Bertram Otto Bardenhewer (Mönchengladbach, 16 March 1851 - Munich, 23 March 1935) was a German Catholic patrologist. His Geschichte der altkirchlichen Literatur is a standard work, re-issued in 2008. For Bardenhewer, a patrologist was not a literary historian of the Church Fathers, but a historian of dogmatic definitions.

==Life==
He was born the son of a legal advisor and the grandson of a notary.

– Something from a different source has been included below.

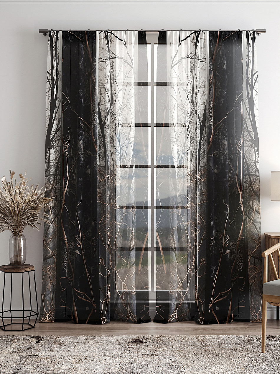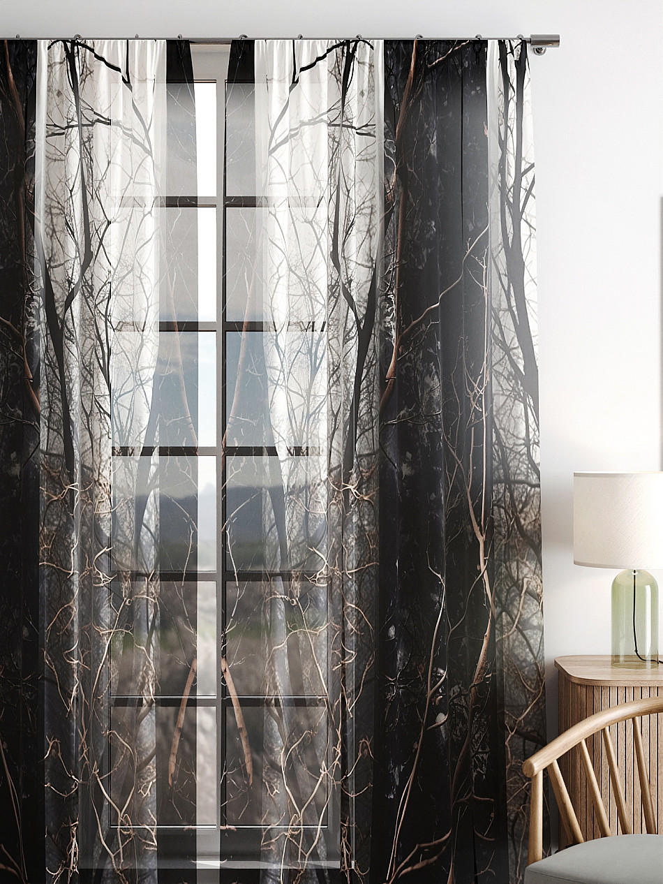 Тюль 2 шт. Легкая основа (вуаль) оформлена фотопечатью. Вуаль с матовой полупрозрачной текстурой. Отличается особым шиком, идеально подходит для создания воздушных штор. Придает ощущение свежести, хорошо пропускает воздух. Ткань неприхотлива в уходе, хорошо стирается без разрушения волокон с течением времени за счет высокого кручения нитей.

He was educated at the University of Bonn (Ph.D., 1873) and University of Würzburg. He became a Catholic priest in 1875. In 1879, he became privat-docent of theology at the Ludwig-Maximilians-Universität München. In 1884, he accepted a call to the University of Münster as professor of Old Testament. Two years later he returned to the Ludwig-Maximilians-Universität München, as a professor for New Testament exegesis and Biblical hermeneutics, a position he held until 1924.

==Works==
- Hermetis Trismegisti qui apud Arabes fertur de castigatione animæ libellus (Bonn, 1873)
- Des heiligen Hippolytus von Rom Kommentar zum Buche Daniel (Freiburg, 1877)
- Polychronius, Bruder Theodors von Mopsuestia and Bischof von Apamea (1879)
- Die pseudo-aristotelische Schrift über die reine Gute, bekannt unter dem Namen "Liber de Causis" (1882)
- Patrologie (1894)
- Geschichte der altkirchlichen Literatur (5 vols., 1902 to 1932).